Limitations & Future Work¶
- Benefits are highly dependent on the premise of "extreme visual token redundancy." In scenarios that are not high-resolution or where targets are sparse across the screen, the compression potential and efficiency gains may diminish.
- ⚠️ Supervision construction relies on ground truth boxes + OmniParser filtering for patch labels; training data quality is constrained by the detector. For interfaces without clear element boxes (e.g., graphics-heavy or game UIs), the bbox supervision path may fail.
- "Instruction-to-patch" assumes the target is uniquely identified by a single instruction; whether single-round saliency selection is sufficient for multi-step reasoning or multi-target grounding remains unexamined.

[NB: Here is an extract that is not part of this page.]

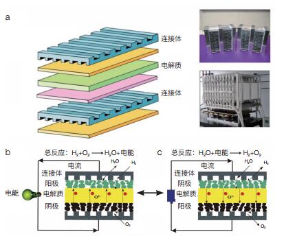 | 图 4 固体氧化物燃料电池(sofc)/固体氧化物电解池(soec)电堆结构和发电/制氢两种模式工作原理 (a)sofc/soec结构示意图;(b)sofc发电工作原理;(c)soec高温电解制氢工作原理 |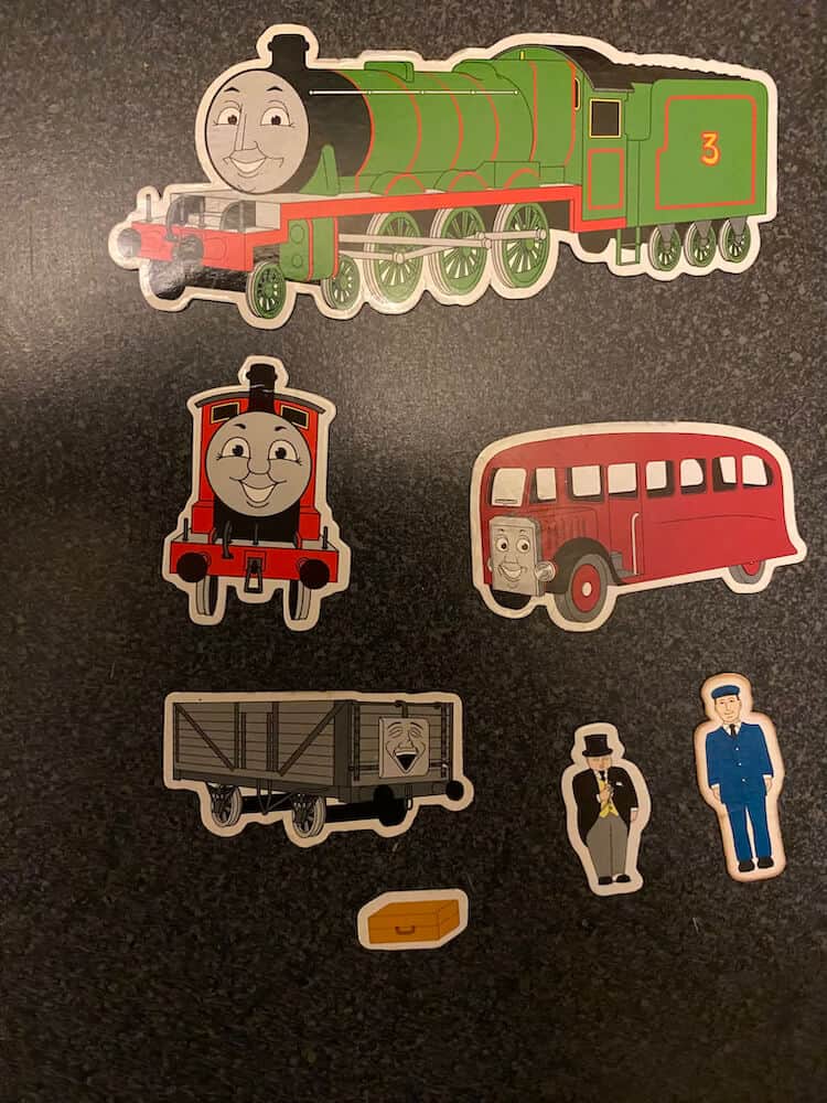 Enjoy playing and making up stories and scenes with Thomas the Tank Engine and his friends at the station. This pre-used activity includes the gameboard of the station and 14 (of 15) Magnets (Thomas, Henry, Percy, Mavis, James, Harvey, Bertie, Toby, 1 Boxcar, Sir Topham Hatt, 1 Conductor, 1 Rail Signal, 1 Fisherman in Rowboat, and 1 Suitcase). This activity can be used by occupational therapists, speech language pathologists, and special education teachers.

- At extremely low retention rates (e.g., 10%), the number of POSPAD placeholder tokens increases (the ablation shows 315 POSPAD tokens at 25% retention). The trade-off between marginal compression gains and positional approximation errors warrants further analysis.
Related Work & Insights¶
- vs General visual token pruning (Fast-V / HiPrune / Vision-Zip): These are designed for natural images and remove tokens based on attention or redundancy. They collapse in UI grounding due to breaking positional continuity (Fast-V drops 81.6% on SS-Pro); FocusUI preserves position with POSPAD, resulting in almost no drop.
- vs GUI-Actor: FocusUI reuses its coordinate-agnostic action head but adds instruction-conditioned visual token selection, presenting the action head with fewer, more relevant candidate patches, improving ScreenSpot-Pro by +3.7 for the same size.
- vs ShowUI's UI-graph prior: FocusUI adopts the union-find approach to suppress homogeneous regions but transforms it from "token merging" to a dense supervision signal fused with instruction-conditional bbox overlap to train an independent scorer, rather than merging tokens during the forward pass.
Rating¶
- Novelty: ⭐⭐⭐⭐ First to establish efficient UI grounding as a task; POSPAD is a genuine innovation for positional continuity.
- Experimental Thoroughness: ⭐⭐⭐⭐ Covers four benchmarks, multiple backbones, various retention rates, and detailed ablations with clear efficiency/accuracy curves.
- Writing Quality: ⭐⭐⭐⭐ Motivation is empirically driven by two studies; method and figures correspond clearly.
- Value: ⭐⭐⭐⭐ Computational costs of high-res screenshots are the biggest pain point for UI agents; elastic token budgets + zero-intrusion integration are highly practical.